After an early burst of TV advertising, opponents of the plan have struggled to raise cash in a state with some of the nation’s most expensive media markets. Data compiled by advertising tracker AdImpact last week showed Democrats and other supporters with over $5 million in ad buys booked on broadcast TV, cable and radio. But opponents had virtually no time reserved, though the data didn’t include some popular streaming services like Hulu and YouTube or mail advertising.

Total spending on broadcast and cable ads topped $100 million, with more than two-thirds of it coming from supporters. Newsom told people to stop donating in the race’s final weeks.

Trump, who overwhelmingly lost California in his three presidential campaigns, largely stayed out of the fray.
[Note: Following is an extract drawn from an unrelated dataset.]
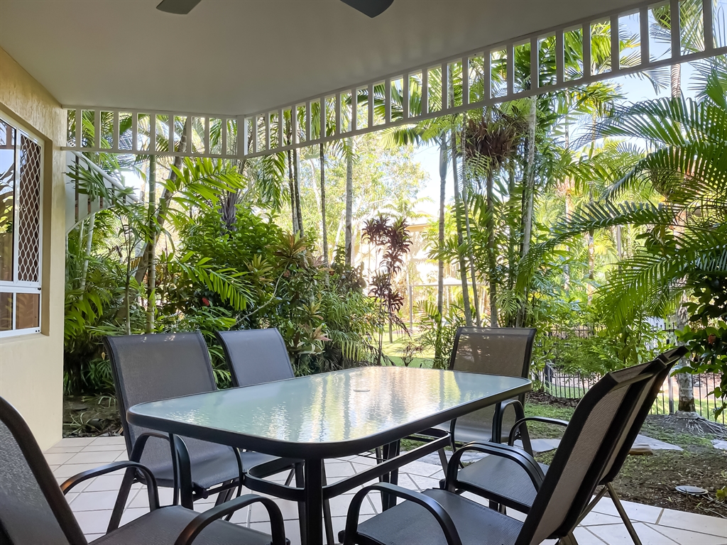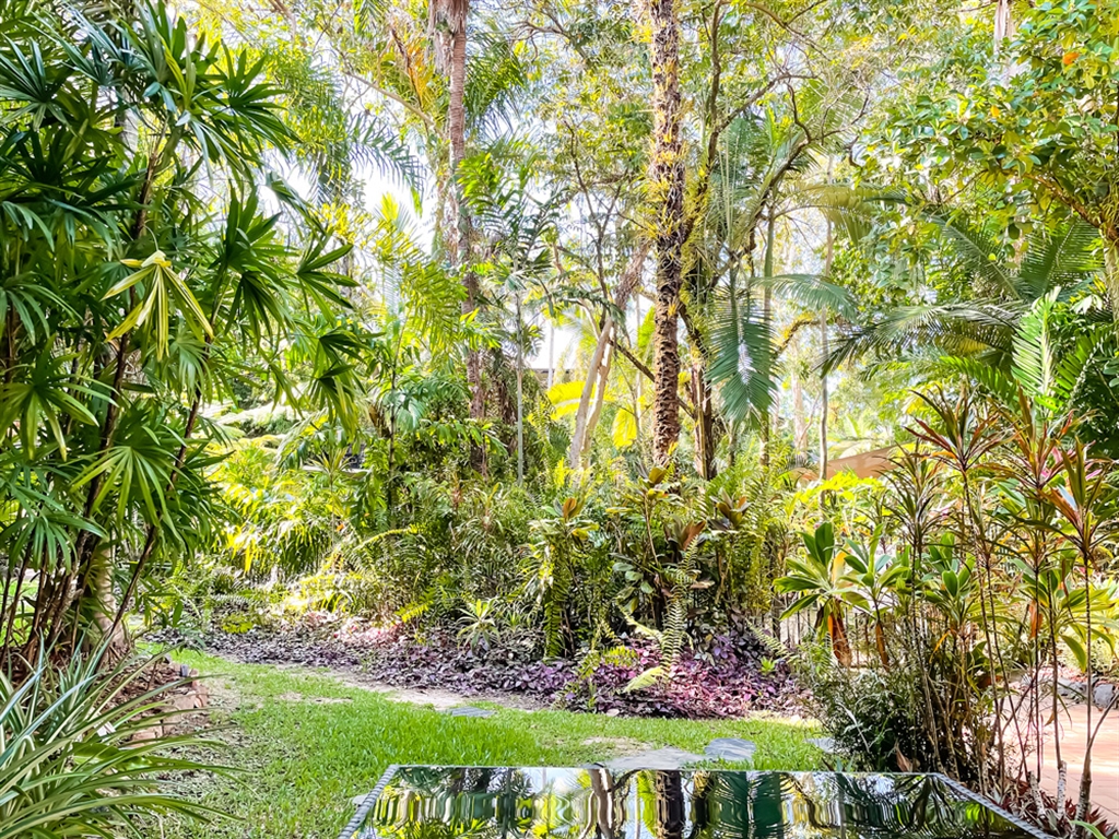 130 sqm • 3 Bedrooms • 2 Bathrooms • 1 Bathtub • Full laundry facilities • Self-contained kitchen • Full-sized fridge • private terrace • Air conditioned • WiFi • Smart TV • Foxtel • DVD & CD player • Hairdryer • Iron/Ironing board • Non-smoking rooms – smoking on terrace only • 10 minutes by car to Cairns CBD.All of our spacious, self-contained 3 Bedroom Apartments are individually designed. Combining kitchen, dining and lounge area through an open plan living concept. Bedding configuration, sleeps up to 6 people: 2x Queen beds and 2x single beds. 2x bathrooms, 1x bathtub. Find yourself immersed in our large, lush and tranquil property. Green views wherever you go.

A week before the election, he urged voters in a social media post not to vote early or by mail — messaging that conflicts with that of top Republicans in the state who urged people to get their ballots in as soon as possible.

Democrats hope to pick up as many as five seats in California if voters approve the new boundaries, offsetting the five that Republicans hope to pick up through their new Texas maps. Republicans also expect to gain one seat each from new maps in Missouri and North Carolina, and potentially two more in Ohio.

Congressional district boundaries are typically redrawn every 10 years to reflect population shifts documented in the census. Mid-decade redistricting is unusual, absent a court order finding fault with the maps in place.

Five other GOP-led states are also considering new maps: Florida, Indiana, Kansas, Louisiana and Nebraska. On the Democratic side, Colorado, Illinois, Maryland, New York and Virginia have proposals to redraw maps, but major hurdles remain.

A court has ordered new boundaries be drawn in Utah, where all four House districts are represented by Republicans, but it remains to be seen if the state will approve a map that makes any of them winnable for Democrats.